The Untold Story: Tariffs are Driving Job Creation


It’s been just six months since the first of the Trump administration’s tariffs went into effect and the job gains are already visible. The Coalition for a Prosperous America’s “Tariff Job Creation Tracker” shows over 11,000 jobs have been created or announced since February 1, and that includes only cases where companies have announced specific job counts. Other companies have also said they intend to add jobs, but we’ll wait for those numbers before adding them to our tally. Including the multiplier effect of manufacturing jobs, which is typically estimated at between five and 10 service jobs supporting each manufacturing job, it’s reasonable to think that an additional 77,000 service sector jobs could be created thanks to the tariffs.

In general, these are good-paying jobs in strong, stable industries. And the process is just beginning. With more tariffs being implemented, such as the so-called “second tranche” of tariffs recently announced on 279 lines of Chinese imports, we should expect to see more job creation in the months ahead for affected domestic industries.

A good example of the job creation now underway is the expansion of Magnitude 7 Metals, in New Madrid, Missouri. A privately-owned American company, Magnitude 7 purchased aluminum smelting facilities from Noranda—which had gone bankrupt, largely due to international competition that has forced roughly 90 percent of US aluminum smelters out of business. In March, Missouri Governor Eric Greitens spoke at Magnitude 7, praised the company for relaunching the smelter and creating jobs offering average annual pay of $64,000. In total, our tracker shows 2,899 jobs have been announced or created in the aluminum industry since February.

In the steel sector, industry leaders like Nucor and US Steel have announced expansions and re-openings of previously shuttered facilities. Nucor also plans to build a new greenfield steel mill in Frostburg, Florida, creating 250 jobs at an average pay of $66,000 a year. Smaller steel companies are expanding, too. Big River Steel is investing in its Arkansas mill to double production capacity to 3.3 million tons annually. Big River is also planning a second mill in Brownsville, Texas, which will employ 500 steelworkers. Our tracker shows a total of 4,960 new jobs planned in the steel industry.

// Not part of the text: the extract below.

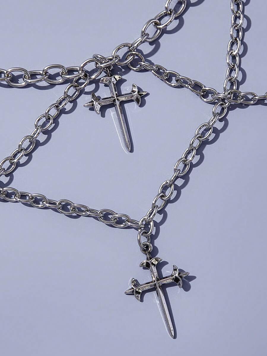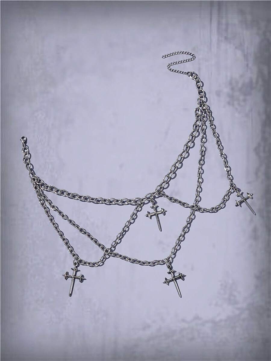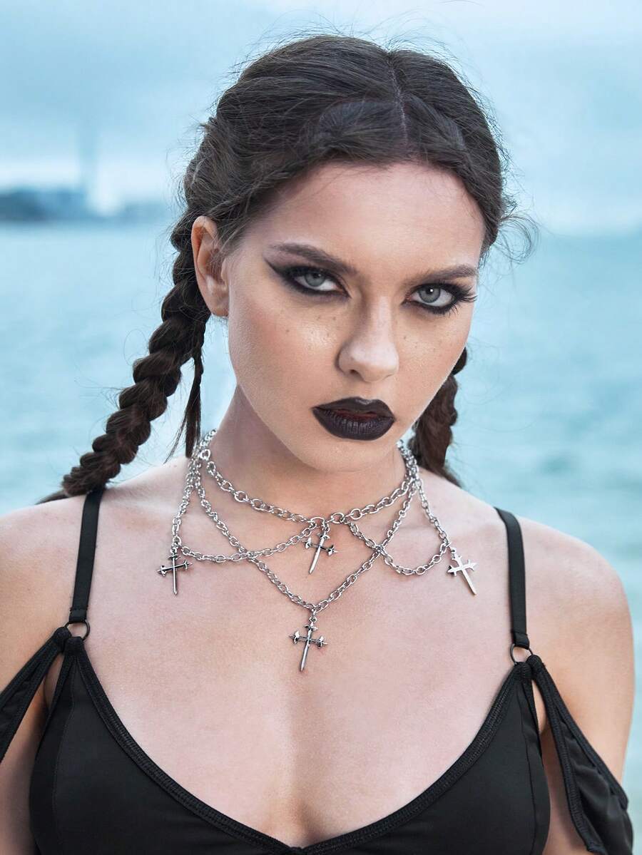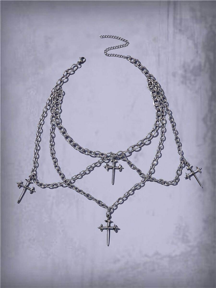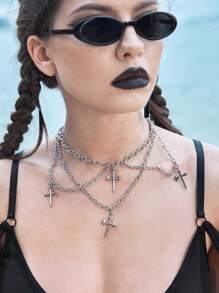 Goth 1pc Funky Zinc Alloy Cross Charm Layered Choker For Women For Daily Decoration

The solar panel industry was the first industry where the administration announced tariffs, back in January. Some doom-mongers predicted disaster for the industry. Instead, the solar industry is booming. Roughly 10 solar manufacturing companies have announced investment and job creation in solar manufacturing facilities, from Oregon to Florida. In April, First Solar Corp. announced a $400 million expansion at its Ohio plant, which will create 500 new jobs. A manufacturing operator at First Solar earns about $37,000 a year, and a development engineer earns $97,000.

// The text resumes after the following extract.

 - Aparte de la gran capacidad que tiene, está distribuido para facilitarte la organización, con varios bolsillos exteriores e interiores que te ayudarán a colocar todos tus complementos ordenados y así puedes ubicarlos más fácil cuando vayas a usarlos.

Our tracker shows new solar jobs at 1,150 so far. New jobs in the washing machine industry—which has also received tariff support—are at 2,100. Add up those four categories and you get 11,100 new jobs. And that’s without counting jobs that will be created in the diverse industries and sectors where the administration is levying tariffs on Chinese imports worth $50 billion a year.

The United States made a huge mistake in the 1990s and early 2000s, when it allowed entire manufacturing supply chains to move to Asia. Manufacturing is too important for wealth and income creation to allow so much of it to move overseas. Further, manufacturing success is not about individual products or stages of production dispersed over different countries thousands of miles apart. Skills and knowledge tend to cluster together, and they grow and develop best in close proximity. It’s especially good news to see domestic growth in broader supply chains—like iron ore miner Cleveland Cliffs planning a new processing facility in Toledo expected to create 1,200 new jobs.

Across the industrial world, there is growing awareness that local and in-country production is coming back into fashion. The corporate strategy of saving a few cents on every input by disaggregating production and locating it all over the world is going out of fashion—and is not simply the result of President Trump’s tariffs, or of China’s blatantly offensive IP theft.

Tariffs present a twin solution. They not only address the issue of jobs lost due to imports, but they also address China’s flagrant violations of trade and intellectual property norms.

Jeff Ferry is Research Director at the Coalition for a Prosperous America (CPA).